WHAT THE TASK ASKS. In the data below, find the line with "extienda grandes distancias" and the line with "La tela base", then restate both and every line between them exactly, minus the pictures.

RECORDS PROVIDED.
————
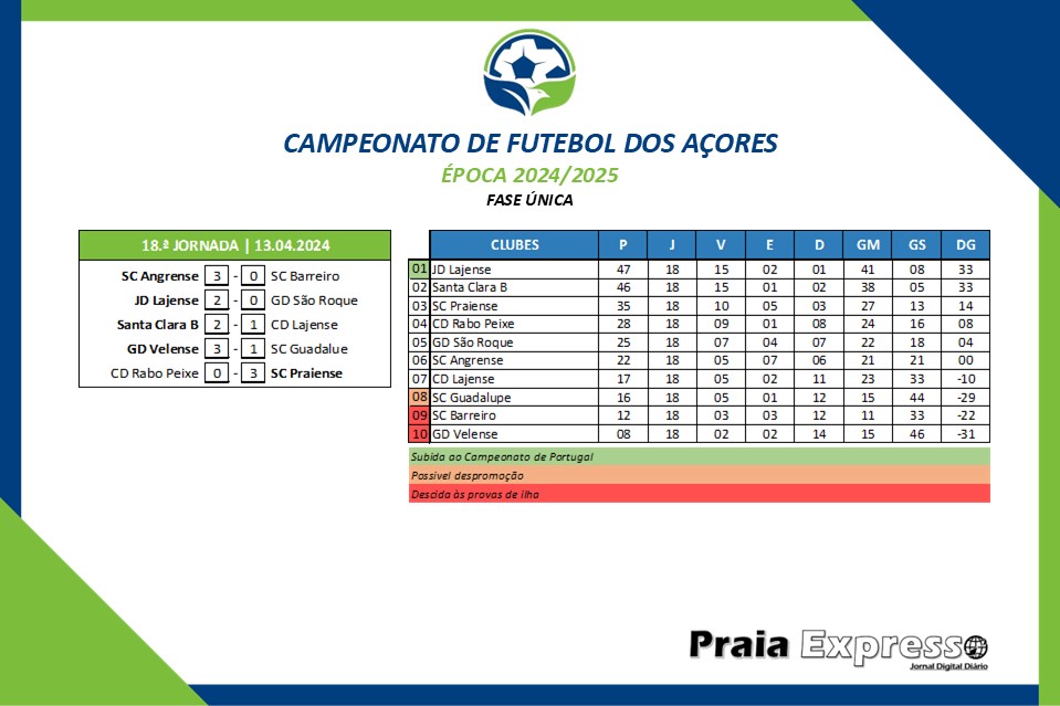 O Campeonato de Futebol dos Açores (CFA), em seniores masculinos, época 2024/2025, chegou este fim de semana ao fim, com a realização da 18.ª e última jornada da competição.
————
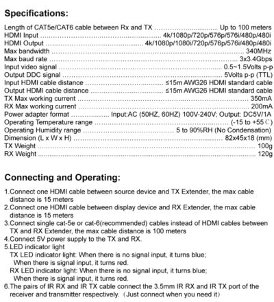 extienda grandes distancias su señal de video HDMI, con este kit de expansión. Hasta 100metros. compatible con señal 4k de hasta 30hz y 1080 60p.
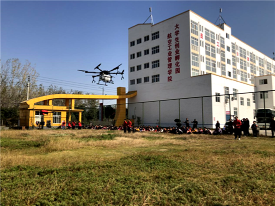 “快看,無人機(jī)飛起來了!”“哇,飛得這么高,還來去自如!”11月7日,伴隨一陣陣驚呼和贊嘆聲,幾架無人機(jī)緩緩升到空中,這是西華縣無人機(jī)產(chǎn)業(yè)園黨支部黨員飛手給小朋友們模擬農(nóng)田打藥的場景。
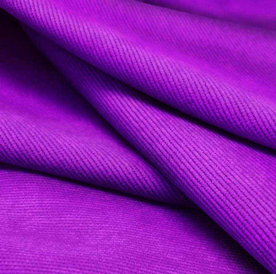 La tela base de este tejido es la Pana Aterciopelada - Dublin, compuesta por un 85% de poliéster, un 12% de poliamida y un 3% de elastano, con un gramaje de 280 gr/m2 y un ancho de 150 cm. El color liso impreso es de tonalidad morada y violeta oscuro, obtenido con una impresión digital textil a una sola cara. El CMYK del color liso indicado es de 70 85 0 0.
————
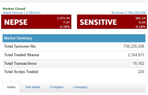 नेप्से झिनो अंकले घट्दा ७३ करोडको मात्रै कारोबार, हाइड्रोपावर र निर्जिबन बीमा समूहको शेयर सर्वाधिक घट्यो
————
TASK RESULT.
 extienda grandes distancias su señal de video HDMI, con este kit de expansión. Hasta 100metros. compatible con señal 4k de hasta 30hz y 1080 60p.
 “快看,無人機(jī)飛起來了!”“哇,飛得這么高,還來去自如!”11月7日,伴隨一陣陣驚呼和贊嘆聲,幾架無人機(jī)緩緩升到空中,這是西華縣無人機(jī)產(chǎn)業(yè)園黨支部黨員飛手給小朋友們模擬農(nóng)田打藥的場景。
 La tela base de este tejido es la Pana Aterciopelada - Dublin, compuesta por un 85% de poliéster, un 12% de poliamida y un 3% de elastano, con un gramaje de 280 gr/m2 y un ancho de 150 cm. El color liso impreso es de tonalidad morada y violeta oscuro, obtenido con una impresión digital textil a una sola cara. El CMYK del color liso indicado es de 70 85 0 0.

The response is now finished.